Bridges across the Mississippi and Missouri were required to link the Atlantic and Pacific with one continuous ribbon of iron. The first bridge across the Mississippi was not built at New Orleans or St. Louis but at Davenport in 1856. Shortly afterwards, when the steamboat Effie Afton was wrecked on this bridge, Abraham Lincoln was called to represent the railroad men against the steamboat men. Soon bridges spanned the Mississippi at many points. Clinton had its first railroad bridge in 1865; similar structures spanned the Mississippi at Burlington and Dubuque in 1868. A combination railroad and wagon bridge was constructed at Keokuk in 1870. Four years after the Golden Spike was driven at Promontory Point in Utah, the Big Muddy was successfully spanned at Council Bluffs in 1873. The construction of railroad and highway bridges across the rivers and streams of Iowa was a costly but important step in the development of transportation and communication.


Probably no other single invention did more to link Iowa with the outside world than did the telegraph. In 1844, two years before Iowa was admitted into the Union, the first telegraph message streaked between Washing ton and Baltimore. In 1848, two years after statehood, the first telegraph wires United Iowa with the east, Keokuk, Burlington, Bloomington (now Muscatine), and Dubuque were the first towns in Iowa to boast telegraphic connection with the Atlantic seaboard. In bold type the press proudly acclaimed that the Hawkeye State was as well informed as to the news of the day as any eastern State. Such bold statements had no small influence in precipitating toward Iowa the mighty avalanche of settlers that rose to flood-tide after 1848. Before 1860 telegraph construction was limited to the eastern border at Iowa and service was exceedingly poor. Telegraph towers, flimsily constructed of wood, were frequently blown down in storms. All too often the poor wire broke, isolating communities for weeks. At such times many people were heard to pine wistfully for the good old days when the stagecoach and the steamboat brought the news.


When the Civil War broke out Council Bluffs was left stranded without telegraphic communication with St. Louis, the Confederates having cut down all wires in Missouri. So a line was built eastward from the Missouri through Des Moines, Marshalltown, Cedar Rapids, and on to Clinton. Completed on January 7, 1862, this Council Bluffs and Clinton telegraph line was the first river-to-river line in Iowa. By 1930 there were ten thousand miles of telegraph lines in Iowa with a total taxable value of a million and a half dollars. The Western Union embraces almost three-fourths of the total mileage.

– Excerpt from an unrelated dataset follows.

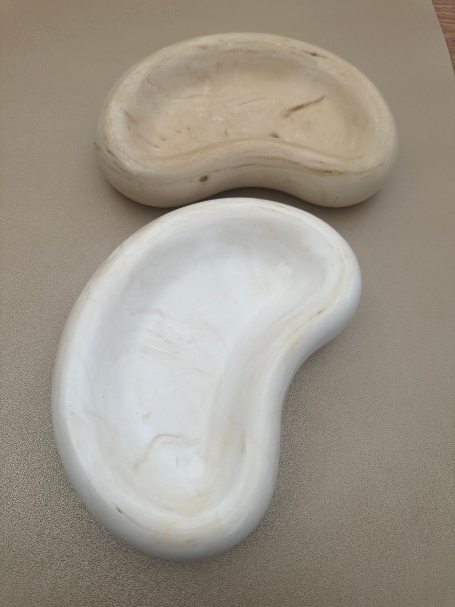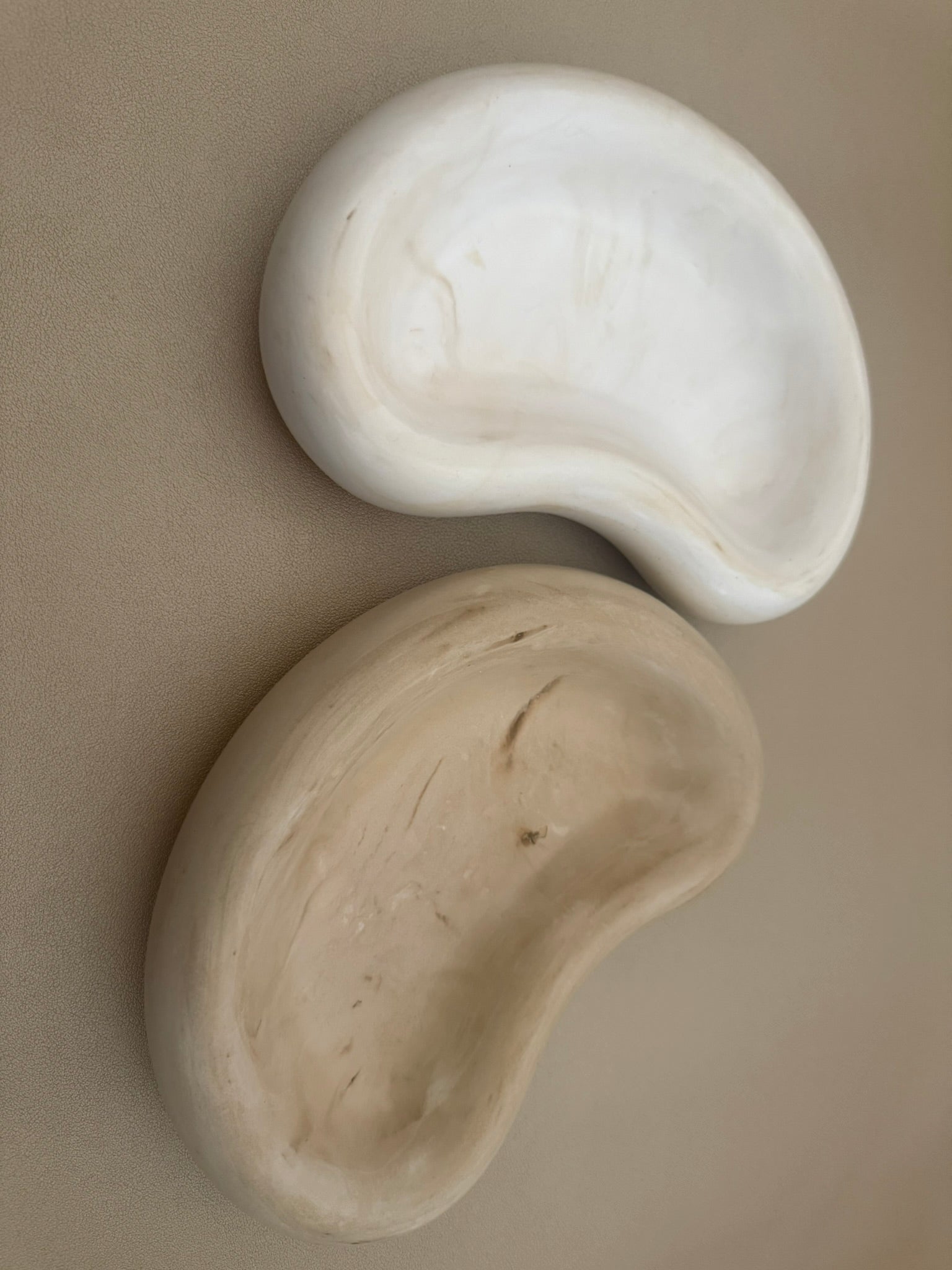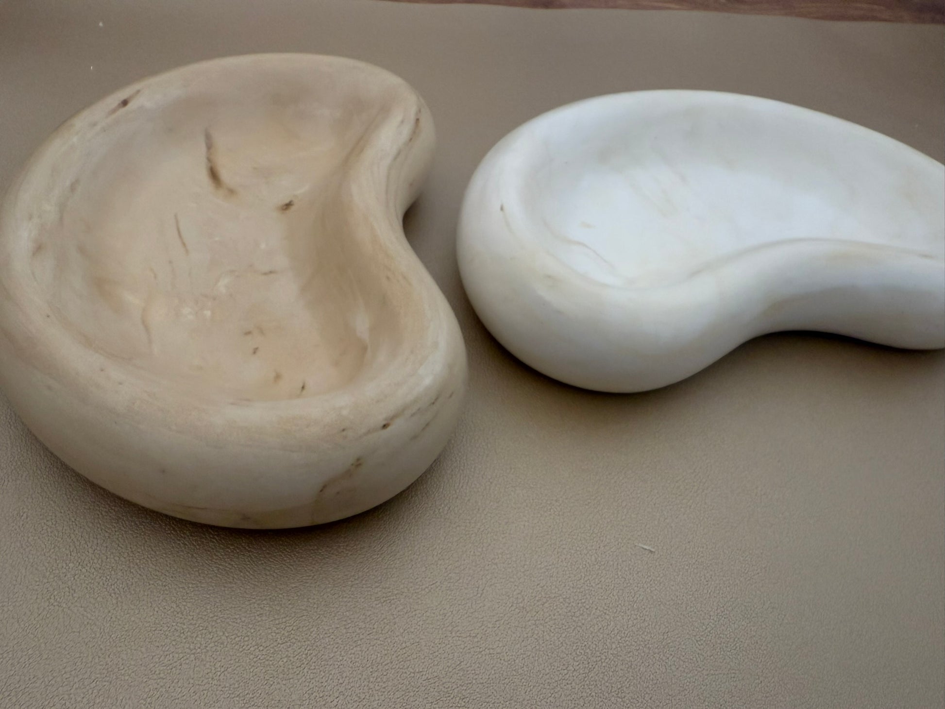 A pair of organically shaped trinket/soap dishes in soft beige and white stone finishes. With smooth, kidney-like curves and a minimalist design, they bring a calm, sculptural elegance to everyday rituals.

The first telephone lines were constructed in Iowa around 1878: Davenport and Clinton inaugurating local service that year; Iowa City followed in 1879. The spread of this novel invention was so rapid that by 1882 the State was called upon for legislation regulating it. From a small beginning (Davenport's first directory contained 35 names compared with over 19,000 phones in use In 1939) the telephone has increased to tremendous importance. Almost nine-tenths of the farms in Iowa are equipped with phones, Iowa ranking first In the United States and in the world in rural telephone development. Upwards of a half million phones are in use in the Hawkeye State, or approximately one for every five persons.

Aviation and Radio

As the twentieth century advanced two new fields of transportation and communication became common in Iowa - aviation and radio. In October of 1910, Thomas S. Baldwin made several short flights in his flying machine over the Johnson County Fair Grounds at Iowa City. Baldwin was probably the first successful aviator to fly over Iowa. That very year William C. (Billy) Robinson of Grinnell exhibited his newly built airplane before a circus in his home town. Although he was not able to fly in it, Robinson's airplane created so much interest that when the circus left town Billy went with it. After studying aviation, Billy returned to Grinnell and made many flights. His greatest success came on October 17, 1914, when he made a record long-distance non-stop flight from Des Moines to Kentland, Indiana. On March 11, 1916, he lost his life while attempting to set an altitude record.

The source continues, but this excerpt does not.